Segment Start: Material provided

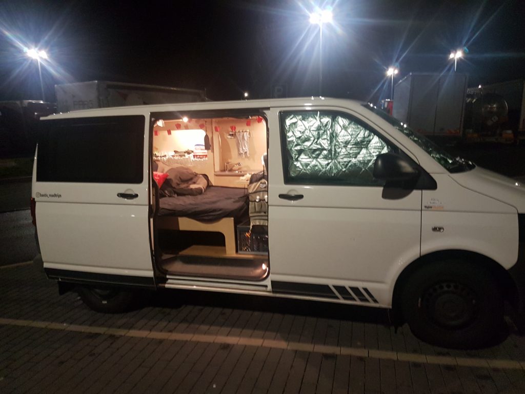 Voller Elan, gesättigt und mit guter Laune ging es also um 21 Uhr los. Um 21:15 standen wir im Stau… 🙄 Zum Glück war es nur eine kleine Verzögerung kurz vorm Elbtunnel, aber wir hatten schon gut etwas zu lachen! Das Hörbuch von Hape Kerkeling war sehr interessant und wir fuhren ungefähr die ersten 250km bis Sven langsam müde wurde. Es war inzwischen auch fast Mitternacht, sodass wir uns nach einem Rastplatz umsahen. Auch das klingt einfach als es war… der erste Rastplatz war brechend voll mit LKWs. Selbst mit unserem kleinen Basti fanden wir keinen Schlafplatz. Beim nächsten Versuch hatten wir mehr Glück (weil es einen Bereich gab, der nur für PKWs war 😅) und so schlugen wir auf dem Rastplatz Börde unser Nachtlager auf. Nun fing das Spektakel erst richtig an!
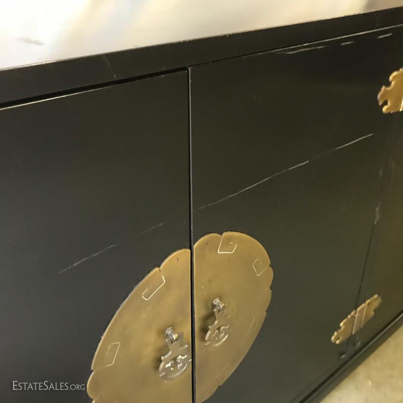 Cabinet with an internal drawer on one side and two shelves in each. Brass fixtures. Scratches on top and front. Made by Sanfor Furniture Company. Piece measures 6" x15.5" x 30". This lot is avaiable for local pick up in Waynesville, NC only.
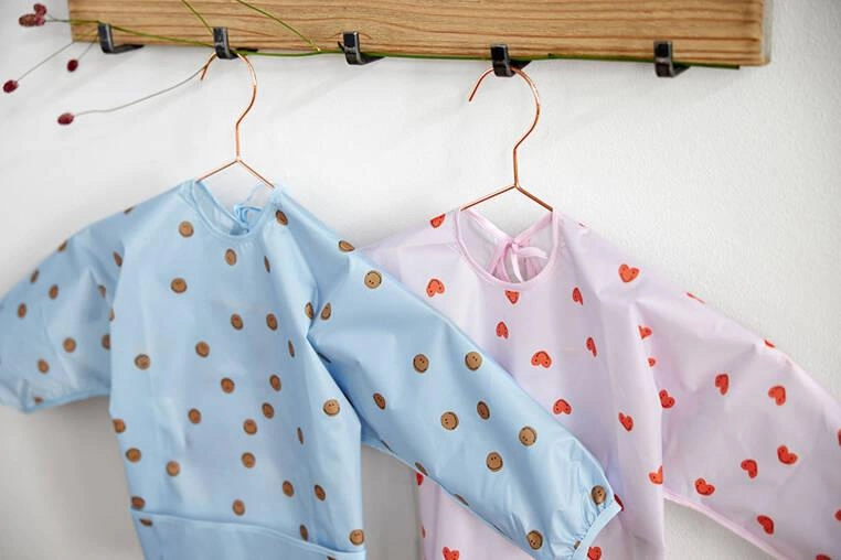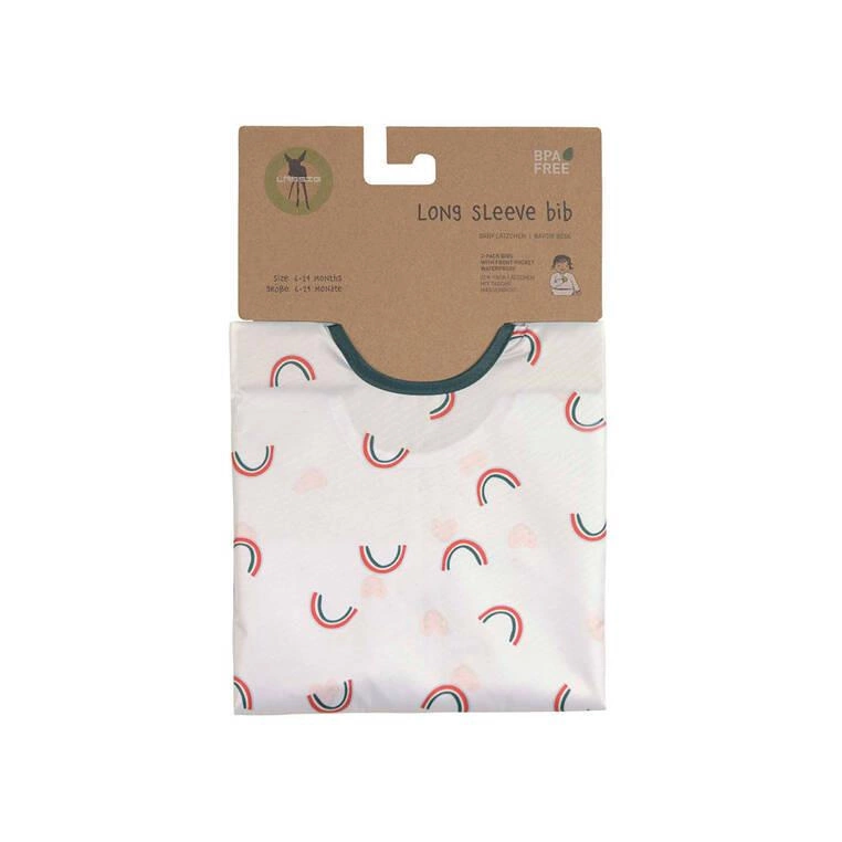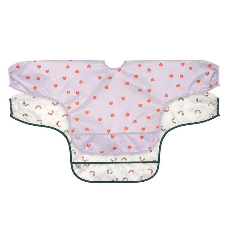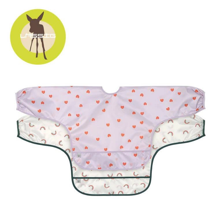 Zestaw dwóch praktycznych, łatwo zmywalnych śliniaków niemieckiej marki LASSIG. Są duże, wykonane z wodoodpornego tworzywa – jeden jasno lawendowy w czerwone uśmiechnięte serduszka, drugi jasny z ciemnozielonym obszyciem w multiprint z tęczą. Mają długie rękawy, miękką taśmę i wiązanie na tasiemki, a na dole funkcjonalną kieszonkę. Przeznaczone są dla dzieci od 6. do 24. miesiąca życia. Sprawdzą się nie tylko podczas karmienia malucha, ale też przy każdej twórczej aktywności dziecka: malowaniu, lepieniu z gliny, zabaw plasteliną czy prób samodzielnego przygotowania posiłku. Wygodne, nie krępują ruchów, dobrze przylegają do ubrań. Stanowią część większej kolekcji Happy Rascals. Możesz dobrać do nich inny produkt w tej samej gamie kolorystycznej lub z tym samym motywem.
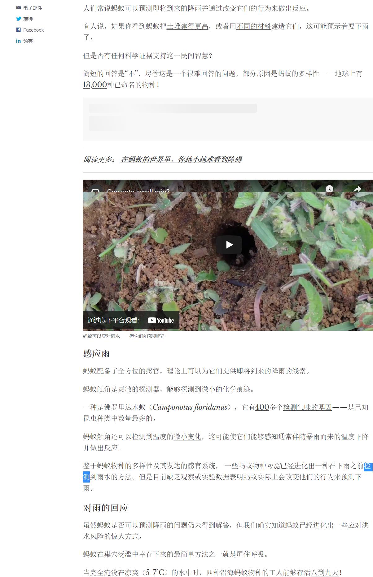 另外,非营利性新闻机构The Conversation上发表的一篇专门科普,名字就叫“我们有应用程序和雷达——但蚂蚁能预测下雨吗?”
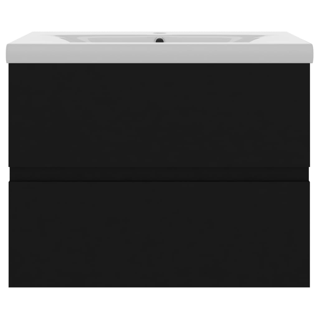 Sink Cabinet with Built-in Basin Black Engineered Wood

Segment End: Material provided
Segment Start: Material provided

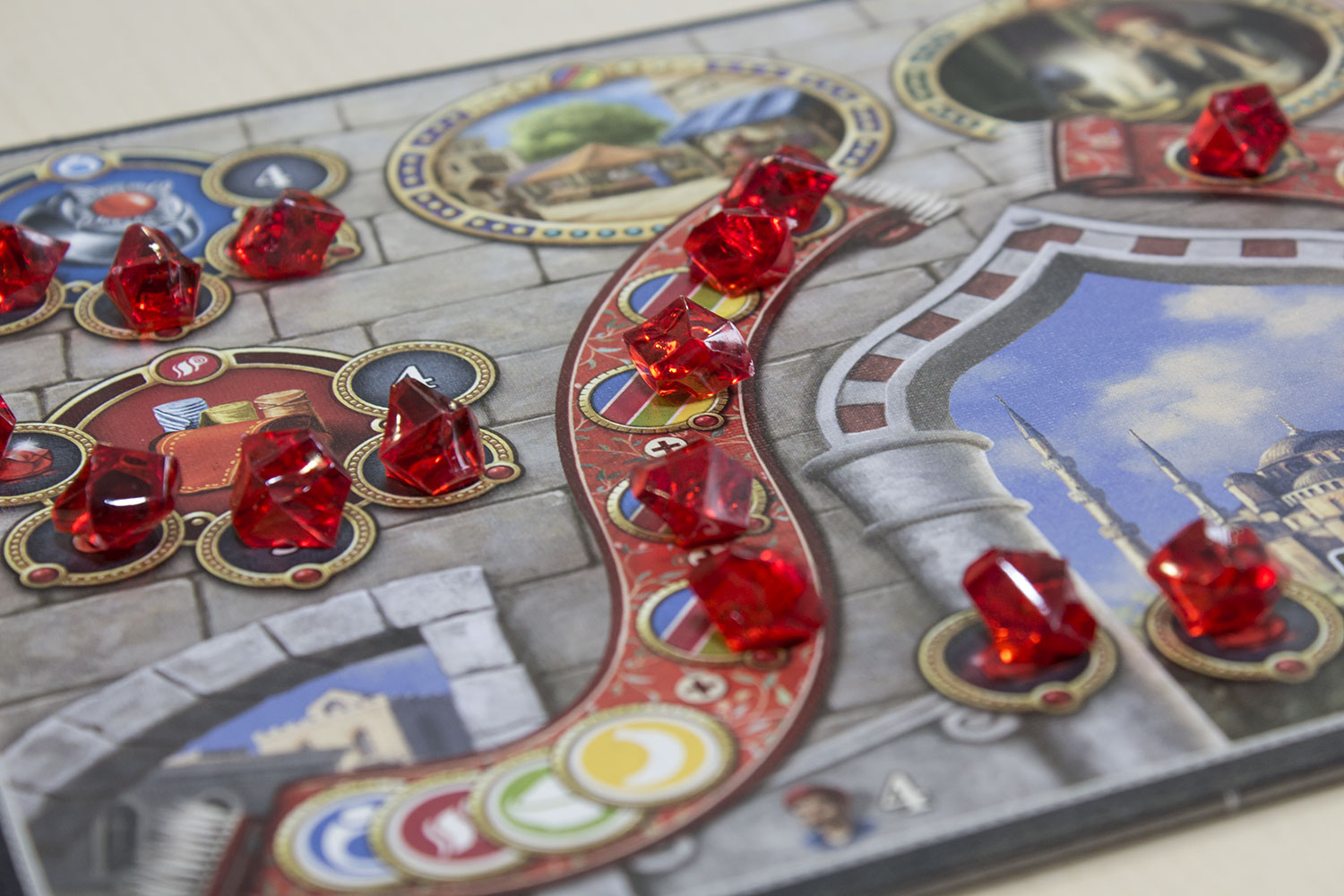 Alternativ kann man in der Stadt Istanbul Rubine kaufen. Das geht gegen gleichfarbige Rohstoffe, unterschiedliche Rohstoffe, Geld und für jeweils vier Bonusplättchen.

Segment End: Material provided

Work instruction:
Copy word for word the span of the records above that begins at the line with "另外,非营利性新闻机构The" and ends at the line with "Sink Cabinet with", including those two lines but not the pictures.

Reply:
 另外,非营利性新闻机构The Conversation上发表的一篇专门科普,名字就叫“我们有应用程序和雷达——但蚂蚁能预测下雨吗?”
 Sink Cabinet with Built-in Basin Black Engineered Wood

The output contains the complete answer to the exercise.